秦绝说的是昆山玉的典故,玉出昆山,这片土地上曾有一个战无不胜的将军在此殉国。新皇承诺给他万户食邑,高官厚禄,但将军无法面对自己国破的事实,也不想用无谓的抵抗使无辜百姓遭受牵连,于是高呼国号,口称万岁一头撞死在昆山之下。从此之后,昆山的玉石里便有了沁红。传说是那位将军的心头血所化,将军的英灵守在昆山上,死后也依然护卫这一方百姓。
“绝以为唯有‘忠义’二字能配得上昆山玉石,也唯有这二字能配得上顾家满门忠义之辈。”秦绝直直看向顾衍誉,似是想从这败家的纨绔眼里看出一丝惭愧。顾衍誉翘起嘴角:“如此说来,倒是秦少帮主有心了。”态度轻松浑然未觉他话里讥诮一般,秦绝这一拳打空,颇有些懊丧。反观顾衍誉笑得云淡风轻,四两拨千斤的样子让秦绝心里更添几分烦恼。

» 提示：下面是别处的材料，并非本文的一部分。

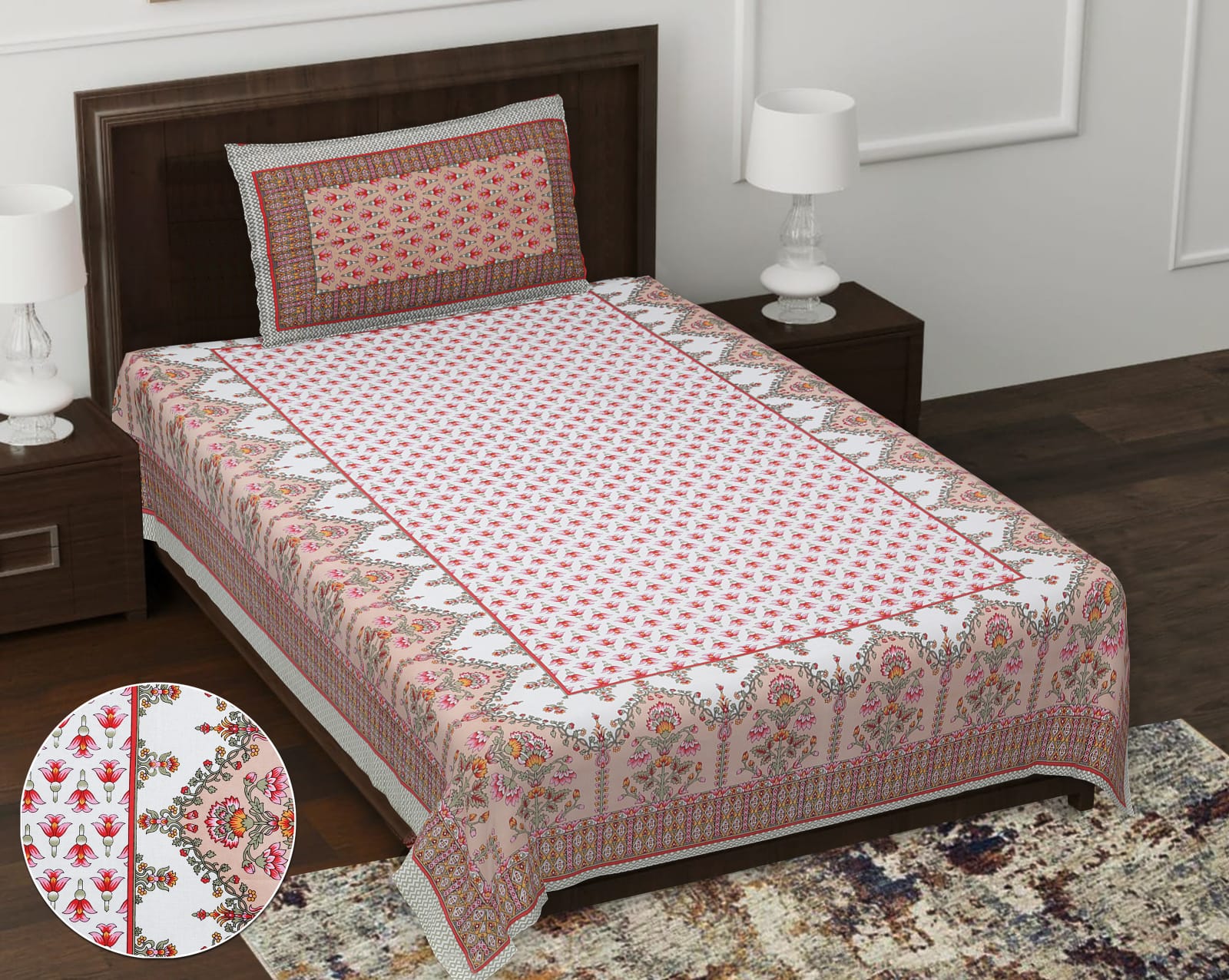 Pure cotton printed bedsheet with one pillow cover for sinle bed.

在秦绝怔仲之时,顾衍誉带着笑意开口:“秦少帮主方才说的这个故事感人至深,不过正史上这位将军死在自己最后一战的战场上,是因战而死。于昆山殉国所以玉里沁红的说法是倒腾古玩那些商人生造出来的。”无视秦绝错愕的眼神,她伸出玉白的手指轻轻摩挲了那方玉石,出口更是刻薄,“若这传说是真的,倒可怜了那位将军,每天要在传说里殉国几百次,造福的却是这些商贾之人。你说,这将军若转世成了神明,是该司国运,保一方太平呢,还是该做财神,保商贾顺利呢?”
秦绝紧捏着拳心,只觉得眼前这人单论皮相,确实清艳明朗,但说起话来却可恶得紧,纨绔子、王八蛋这几个词在秦绝嘴边转了好几圈,愣是忍住没说出口。顾衍誉是那种随时能激得人对她举起拳头,但拳头到了跟前,却怎么都无法落下去的人。
顾衍誉言罢,悠悠打量着秦绝,那眼神似猫儿玩弄自己捉到的老鼠,直叫秦绝心中气血翻涌,又无处可发泄。